Study Design. Rabbits were used as an experimental model in the study of motor-evoked potentials. Objectives. To evaluate the effect of nitrous oxide on motor-evoked potentials while monitoring direct muscle and spinal cord responses. Summary of Background Data. Motor-evoked potential monitoring provides a promising tool for intraoperative assessment of descending pathways function. However, to date, this technique is still at an experimental stage, since its routine use is mainly limited because of intraoperative recording difficulties caused by the influence of anesthesia. Methods. Eight male rabbits weighing between 3000 g and 3500 g were studied. Motor-evoked potentials were recorded from the extremity muscles and from the epidural space of the thoracic cord in response to electrical stimulation of the motor cortex at baseline conditions and at increasing nitrous oxide concentrations (10-70 vol%). Results. The authors found a major suppressive effect of high nitrous oxide concentrations on the electromyographic responses. With 50 vol% nitrous oxide, electromyographic amplitudes were suppressed to 46% (fore leg) and 14% (hind leg) of the baseline values, whereas latencies did not change significantly. In contrast to muscular activity, spinal evoked responses representing neural activity were not affected by any concentration of nitrous oxide. Conclusions. Intraoperative monitoring of descending pathways by means of motor-evoked potentials during anesthesia of the rabbits based on nitrous oxide is feasible when neural activity is evaluated. Higher doses of nitrous oxide, however, are not compatible with recording of muscular activity.

Influence of fentanyl, alfentanil, and sufentanil on motor evoked potentials.
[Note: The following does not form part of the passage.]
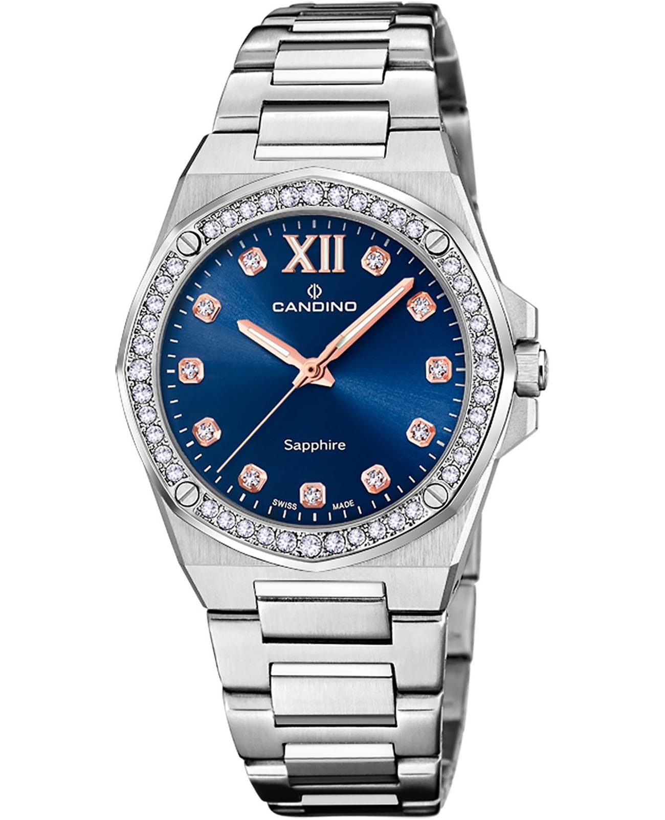 Женские наручные часы Candino Elegance C4751/3 с надёжным кварцевым механизмом. Корпус и браслет часов изготовлены из нержавеющей стали. Сапфировое стеклоСапфировое стеклоПрочный и надёжный материал из кристалла сапфира синтетического происхождения, характеризующийся особой твёрдостью и устойчивостью к царапинам и повреждениям. повышенной прозрачности, устойчивое к мелким механическим повреждениям. Стальной браслет на раскладной застёжкеРаскладная застёжкаТакой тип застёжки используется только на браслетах из металла. Она никогда не раскрывается полностью, происходит разделение на 2 и более частей. Раскладывающая застёжка снизит вероятность потери часов к минимуму.. Стрелки и метки с люминесцентным покрытиемЛюминесцентное покрытиеПозволяет считывать показания времени в темноте. Производители наносят на стрелки, часовые индексы, безель или поверхность циферблата светонакопительный состав, дающий холодное свечение.. БезельБезельВнешний ободок, закрепляющий стекло. В спортивных часах так называется поворотное кольцо с делениями на циферблате, выполняет роль таймера – замеряет отрезки времени на шкале. Неподвижный безель – элемент декора. Однонаправленно вращающийся безель на дайверских часах позволяет фиксировать моменты погружения и выныривания на поверхность. и циферблат инкрустированы кристаллами. Класс водозащиты: 50 метров, позволит защитить корпус от случайных брызг или капель дождя.
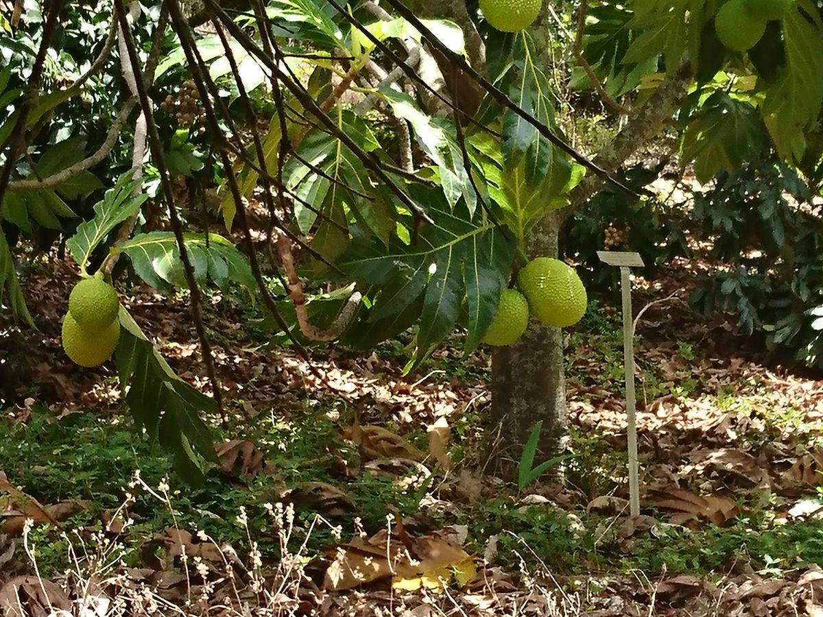 最初のマラカウア公園(この木なんの木)では、ドーナツの様なタロイモのパンを貰いました。甘くて美味しく、食べながら公園内を回れました。公園は入場料1人5ドルです。

The effects of the opioids fentanyl, alfentanil, and sufentanil on motor pathways were studied in a total of 30 rabbits. Compound muscle action potentials (CMAP) were recorded from the extensor muscles of the upper extremity as well as evoked spinal cord potentials (ESCP) from the thoracic epidural space in response to electrical stimulation of the motor cortex. After establishing stable baseline values, an equipotent intravenous bolus of one of the three opioids was applied that abolished reflex motor response to noxious stimulation. Motor evoked potentials (MEP) were recorded from the time of bolus administration until recovery of MEP amplitudes and latencies. Afterwards, the opioids were administered continuously with cumulative dosage up to total absence of motor evoked response. Our results show a dose-dependent suppression of the CMAP: When reflex movement to noxious stimulation was extinguished, we found a significant (P < .001) reduction of the amplitudes to 34+/-18% (mean +/- SD) in the fentanyl group, to 43+/-24% in the alfentanil group, and to 53+/-20% of baseline values in the sufentanil group. Increasing opioid plasma levels were associated with complete extinction of the CMAP. We hypothesize that the descending volleys within motor pathways are mainly inhibited at a spinal level, because ESCP, particularly the number of spinal I-waves, are not severely affected even when CMAP are completely suppressed. In conclusion, intraoperative monitoring of descending pathways by means of MEP during anesthesia with opioids is feasible at anesthetic plasma concentrations maintaining a surgical level of analgesia. Even with high opioid plasma levels, a valid MEP monitoring could be performed evaluating neural activity of spinal MEP.

Intraoperative SEP monitoring in aneurysm surgery

Somatosensory evoked potentials (SEP) were monitored during surgical treatment of 282 aneurysms in 226 patients. Significant SEP changes were found in 32 aneurysms (11.3%) mainly referring to accidental or intentional vessel occlusion. Response to these changes included reapplication of aneurysm clips, repositioning of retractors, or removal of temporary clips as followed in 23 cases (8.1%). Stable SEP signals allowed the surgeon to proceed with the surgical course and coincided in all but 2 cases (0.7%) with an uneventful outcome. Despite the limitations of SEP monitoring in certain anatomical locations, it has been found to be helpful in the operative management of some cases such as multilobed aneurysms, giant aneurysms, trapping procedures, and procedures requiring temporary vessel occlusion.